Case Study — Rubicon Minerals

Rubicon Minerals, Phoenix Gold Project, Red Lake, Ontario. The 2012 resource estimate reported 6.2 million tonnes at 8.8 g/t gold in the Indicated and Inferred categories. The deposit sits in the Red Lake greenstone belt, host to what was then Goldcorp's Red Lake mine (now operated by Evolution Mining following a series of acquisitions). The Phoenix orebody was interpreted from surface diamond drilling as a series of broad, gently dipping mineralized zones. Domain wireframes enclosed large continuous volumes. High-grade intercepts, some in the tens and hundreds of grams per tonne over narrow intervals, were used to estimate grades within these broad volumes.

Underground development beginning in 2015 revealed a different geometry. Gold was concentrated in narrow, steeply plunging high-grade shoots at structural intersections, surrounded by weakly mineralized or barren rock. The broad wireframes had incorporated both the shoots and the surrounding rock into single estimation domains. Every high-grade composite from a drill hole that pierced a shoot was used to inform blocks in ground that lay between shoots and contained little gold. The resource was recast at drastically lower tonnage and grade. Rubicon's share price fell from over C$4 in early 2015 to under C$0.20 by early 2016. The mine went on care and maintenance. The company was eventually renamed Battle North Gold and was acquired by Evolution Mining in 2021 for a price that valued the asset at a small fraction of its earlier implied valuation.

The estimation method was ordinary kriging, competently implemented. The variograms were modeled. The QAQC was adequate. The failure was in the wireframes. The domains enclosed rock that did not belong.

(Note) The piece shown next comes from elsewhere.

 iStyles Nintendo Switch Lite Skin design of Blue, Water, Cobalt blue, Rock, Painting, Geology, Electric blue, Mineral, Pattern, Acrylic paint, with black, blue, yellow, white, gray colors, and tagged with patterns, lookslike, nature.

Case Study — Troy Resources

Troy Resources, Casposo mine, San Juan Province, Argentina. The Kamila and Julieta vein systems were wireframed as continuous over the strike lengths that the drill spacing appeared to support. Underground mining from 2014 onward encountered faulting and structural offsets that disrupted vein continuity between drill holes. The veins existed, and the grades within the veins were broadly as predicted, but the veins were not where the wireframes placed them between drill holes. Structural offsets moved the vein away from its interpolated position. Quarterly production reconciled below the model prediction. Troy took impairments in 2016 and 2017 and eventually divested the asset.

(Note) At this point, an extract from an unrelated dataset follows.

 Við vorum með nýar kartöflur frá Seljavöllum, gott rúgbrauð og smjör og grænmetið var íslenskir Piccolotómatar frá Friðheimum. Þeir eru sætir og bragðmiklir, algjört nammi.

The character of this failure is different from Rubicon. At Rubicon, the high-grade material occupied a smaller volume than the wireframes assumed. At Casposo, the grade and volume were approximately right, but the spatial position between drill holes was wrong. Kriging estimated grades accurately for the wireframed locations. The vein was at a different location. Both outcomes produce the same operational result: the mine plan encounters something different from what the model predicted.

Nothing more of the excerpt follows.